Genetic studies have shown that tumors caused by PTEN mutations are dependent on PI3K and AKT1. In the multi-gene engineering mouse model system, targeting the kinase on the PI3K-PTEN-AKT-mTOR signaling pathway can inhibit tumor growth caused by any of the above-mentioned cancer driver genes.
Translating these findings into effective cancer treatments is a top priority, because the PI3K-PTEN-AKT-mTOR signaling pathway may be the most common activation-driven pathway in human cancers. However, the growth of PIK3CA mutant tumors depends on PI3Ka. In the case of PTEN-driven mutations, people usually selectively inhibit PI3Ka, but this in turn activates other kinases and reduces the efficacy of selective inhibitors. Therefore, although PI3K inhibitors are useful for PIK3CA mutant cancers, the selective targeted therapy of PI3K inhibitors for PTEN mutant cancers is more challenging.
Recently, a research team from the Cancer Institute of Icahn Medical College of Mount Sinai published a research paper titled: AKT degradation selectively inhibits the growth of PI3K/PTEN pathway mutant cancers with wild type KRAS and BRAF by destabilizing Aurora kinase B in Cancer Discovery. .
The research team used tumor cell lines to identify a new type of AKT degradation product-MS21. In the mutant PI3K/PTEN pathway, AKT degradation can inhibit tumor cell growth more persistently than AKT kinase inhibition. Pan-cancer analysis found that 19% of cases had mutations in the PI3K/PTEN pathway, suggesting that AKT degrading agent treatment can benefit these cancer patients.

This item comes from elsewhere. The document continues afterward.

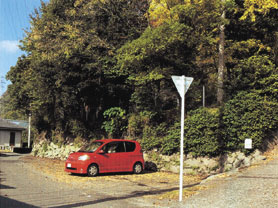 昼食を済ませて再び町内を廻る事にした。まず何より懐かしい小学校に行く。(写真3)校門の石崖下に奇麗な水が滾々と湧いて、10坪ぐらいの池に溢れんばかりの鯉の群れが元気良く泳いでいるものだった。残念ながら今では無粋な駐車場になって黄色の落ち葉が一面に散りし切って赤い軽乗用車が一台止まって居た。寂しかった。(写真4)

In order to develop an effective bifunctional hybrid AKT small molecule degradation agent, the research team evaluated the effects of three AKT inhibitors on the level of AKT protein, and determined that MS21, which recruits VHL E3 ligase, was used as the lead compound. Competitive binding analysis also showed MS21 is a high binding affinity AKT targeted degradation agent.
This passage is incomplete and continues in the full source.